■ DIRECTIONS:
In the data below, find the line containing "Solde cada ESC", then set down that line and every later line up to and including the line containing "Assis sur un", exactly.

■ RECORDED DATA:
>>>
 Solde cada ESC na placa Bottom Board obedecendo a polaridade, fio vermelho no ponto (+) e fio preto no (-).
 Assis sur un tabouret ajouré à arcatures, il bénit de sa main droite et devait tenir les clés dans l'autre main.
<<<
>>>
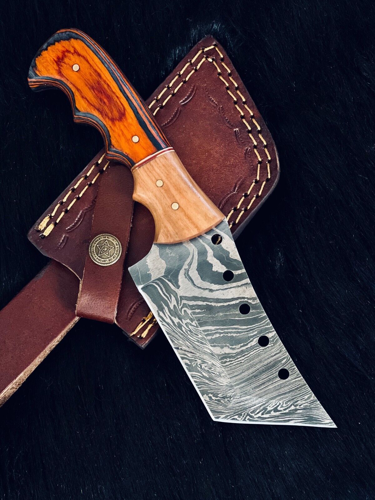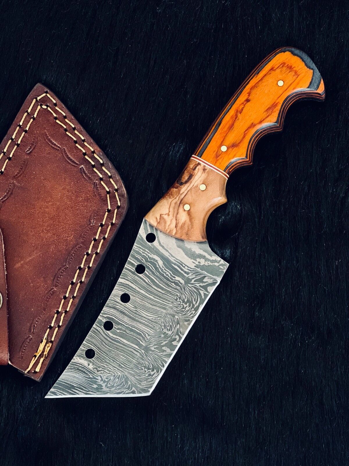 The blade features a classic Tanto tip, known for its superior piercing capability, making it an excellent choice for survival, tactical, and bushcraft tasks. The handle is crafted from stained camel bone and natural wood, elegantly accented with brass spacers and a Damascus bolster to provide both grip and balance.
<<<
■ ANSWER SECTION:
 Solde cada ESC na placa Bottom Board obedecendo a polaridade, fio vermelho no ponto (+) e fio preto no (-).
 Assis sur un tabouret ajouré à arcatures, il bénit de sa main droite et devait tenir les clés dans l'autre main.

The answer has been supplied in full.